Top executives making presentations included Tata Electronics CEO Randhir Thakur, Air India CEO Campbell Wilson; Tata Digital CEO Sajith Sivanandan; Agratas CEO Thomas Flack; and Tejas Networks Chief Technology Officer Kumar Sivarajan.
Even before formal proceedings began, the significance of the meeting was evident. Chandrasekaran, Noel Tata and Srinivasan arrived at Bombay House around 8:30 am, nearly two hours before the scheduled start, and are believed to have held informal discussions before the board convened formally.
Srinivasan was the first among the directors to leave the iconic South Mumbai headquarters at around 4 pm, followed about 20 minutes later by Chandrasekaran. George and Manwani exited shortly thereafter, while Noel Tata and Agrawal remained at the premises till much later in the evening.
People familiar with the matter said the meeting was convened after concerns were raised by Noel Tata at the previous Tata Sons board meeting regarding the performance trajectory, investment commitments and execution challenges at some of these businesses. The June 12 Tata Sons board meeting, meanwhile, is expected to deliberate on larger strategic issues, including the future of Tata Sons’ listing status and succession-related questions ahead of Chandrasekaran’s term ending in February 2027.
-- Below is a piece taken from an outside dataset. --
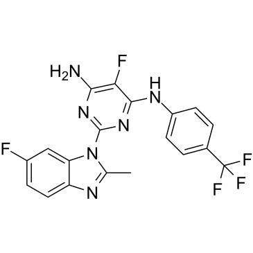 TH-263 is an inactive analog control for the type III allosteric LIM-kinase (LIMK) inhibitors TH-257, TH-255 and TH-251. LIM kinases belong to the family of cytoplasmic tyrosine-like kinases with dual specificity (serine/threonine and tyrosine). However, known LIMK substrate are usually phosphorylated at serine and threonine residues LIM kinases comprises LIM kinase 1 (LIMK1) and LIM kinase 2 (LIMK2) which show 50% sequence identity in human. Both LIMK1 and LIMK2 present with a unique domain organization containing two N-terminal LIM domains, a PDZ domain, a proline/serine-rich domain and a C-terminal kinase domain.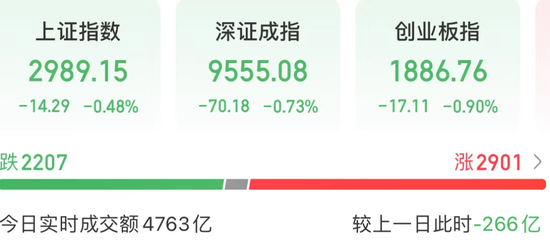 上午收盘,上证指数下跌0.48%,深证成指下跌0.73%,创业板指下跌0.9%。

Among the businesses reviewed, Tata Electronics remains central to the group’s semiconductor ambitions, with investments spanning chip fabrication, electronics manufacturing and precision engineering. Its Dholera semiconductor fabrication project in Gujarat alone involves an investment of around Rs 91,000 crore ($11 billion), apart from a separate Rs 27,000-crore semiconductor assembly and testing facility in Assam.
Air India, which has embarked on one of aviation’s largest transformation programmes since its takeover by the Tata Group, also came under close review. The airline has announced orders for 570 aircraft across Airbus and Boeing, alongside major investments in fleet refurbishment, technology systems and network expansion.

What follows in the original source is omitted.